= Eleny Ionel =

Romanian American mathematician

Eleny-Nicoleta Ionel (born April 1969) is a Romanian mathematician whose research concerns symplectic geometry, including the study of the Gromov–Witten invariants and Gopakumar–Vafa invariants. Among her most significant results are the proofs of Gopakumar-Vafa conjectures (joint with Thomas H. Parker et al.), and the proof of Getzler's conjecture, asserting vanishing in codimension at least g of the tautological ring of the moduli space of genus-g curves.

She is a professor of mathematics at Stanford University, where she was chair of the mathematics department from 2016 to 2019.

==Education and career==
Ionel is from Iași. She is the daughter of Adrian Ionel, a professor at the Ion Ionescu de la Brad University of Agricultural Sciences and Veterinary Medicine of Iași. She attended the prestigious Costache Negruzzi National College, graduating in 1987. She earned a bachelor's degree from Alexandru Ioan Cuza University in 1991, and completed her Ph.D. in 1996 from Michigan State University. Her dissertation, Genus One Enumerative Invariants in $\mathbf{P}^n$, was supervised by Thomas H. Parker.

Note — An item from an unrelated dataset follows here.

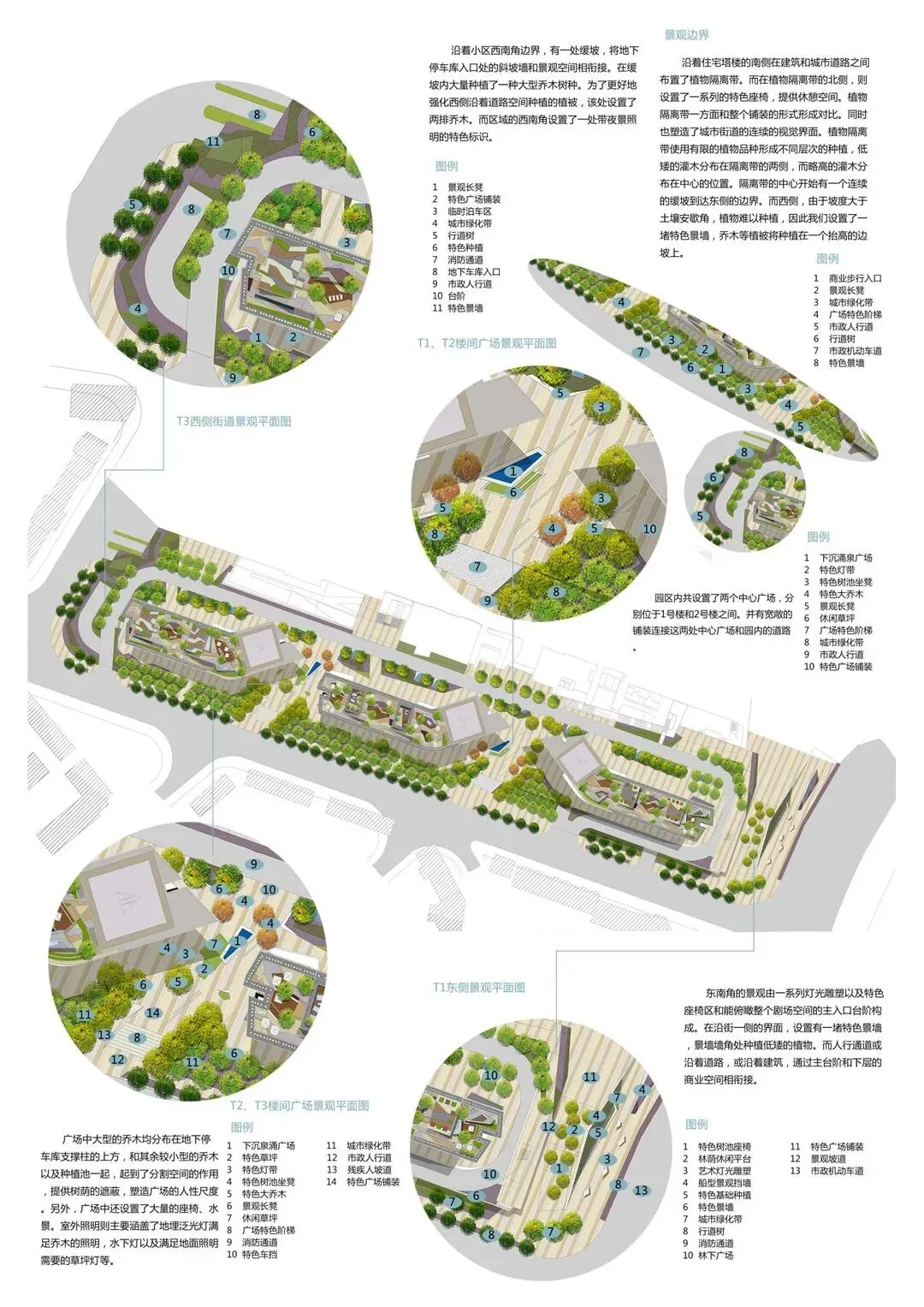 设计场地位于辽宁省大连市CBD区域的西侧边界,是整个CBD区域城市肌理的地标性项目。设计区域总体分为T1、T2、T3三栋住宅楼周围的街区商业景观以及三栋楼顶的屋顶花园,下面通过地理位置叙述景观区域:T1东侧景观由一系列灯光雕塑以及特色座椅区构成。在沿街一侧的界面设置有一堵特色景墙,种植低矮植物。人行通道沿着道路与建筑通过主台阶和下层商业空间相连接。T1楼与T2楼之间分别设置了两个中心广场,且通过铺装连接中心广场与园内的道路。T2楼与T3楼的广场中大型乔木分布在底下车库支撑柱的上方,与其他较小型乔木和种植池一起,起到分割空间的作用,,提供树荫遮蔽,塑造广场的人性尺度。另外广场中还设置了大量座椅和水景。室外照明主要涵盖地埋泛光灯满足乔木照明,水下灯以及满足地面照明需要的草坪灯等。T3西侧街道沿着小区西南角边界有一处缓坡,将地下车库入口处的斜坡墙与景观空间进行衔接。在缓坡内种植大量大型乔木,为了更好强化西侧沿着道路空间的植被,设置了两排乔木。区域西南角设置了一处带夜景照明的特色标识。1-3号楼均设置有屋顶花园,花园的设计首先通过在通向屋顶花园的台阶一侧设置特色景墙和水景,来强调突出出入口,在台阶另一侧设置玻璃幕墙,一方面与建筑立面相呼应,另一方面也很好的掩饰内部结构层,而廊架顶部,则使用轻质的材料和结构。主要设计风格以简洁现代、休闲精致的景观性格为主,通过“少就是多”理论的诠释以及现代科技的利用,在景观都市主义和极简主义等理论的指导下,场地设计满足生态、人性、多元、创新的要求,完整体现城市、建筑与景观集合的多元一体综合目标。

After postdoctoral research at the Mathematical Sciences Research Institute in Berkeley, California and a position as C. L. E. Moore instructor at the Massachusetts Institute of Technology, she joined the University of Wisconsin–Madison faculty in 1998, and moved to Stanford in 2004.

==Recognition==
Ionel is a Sloan Research Fellow and a Simons Fellow. She was an invited speaker at the International Congress of Mathematicians in 2002. She was selected as a Fellow of the American Mathematical Society in the 2020 Class, for "contributions to symplectic geometry and the geometric analysis approach to Gromov–Witten Theory".

==Selected publications==
- Ionel, Eleny-Nicoleta (2002). "Topological recursive relations in $H^{2g}(\mathcal{M}_{g,n})$"
- Ionel, Eleny-Nicoleta (2003). "Relative Gromov-Witten invariants"
- Ionel, Eleny-Nicoleta (2018). "The Gopakumar–Vafa formula for symplectic manifolds"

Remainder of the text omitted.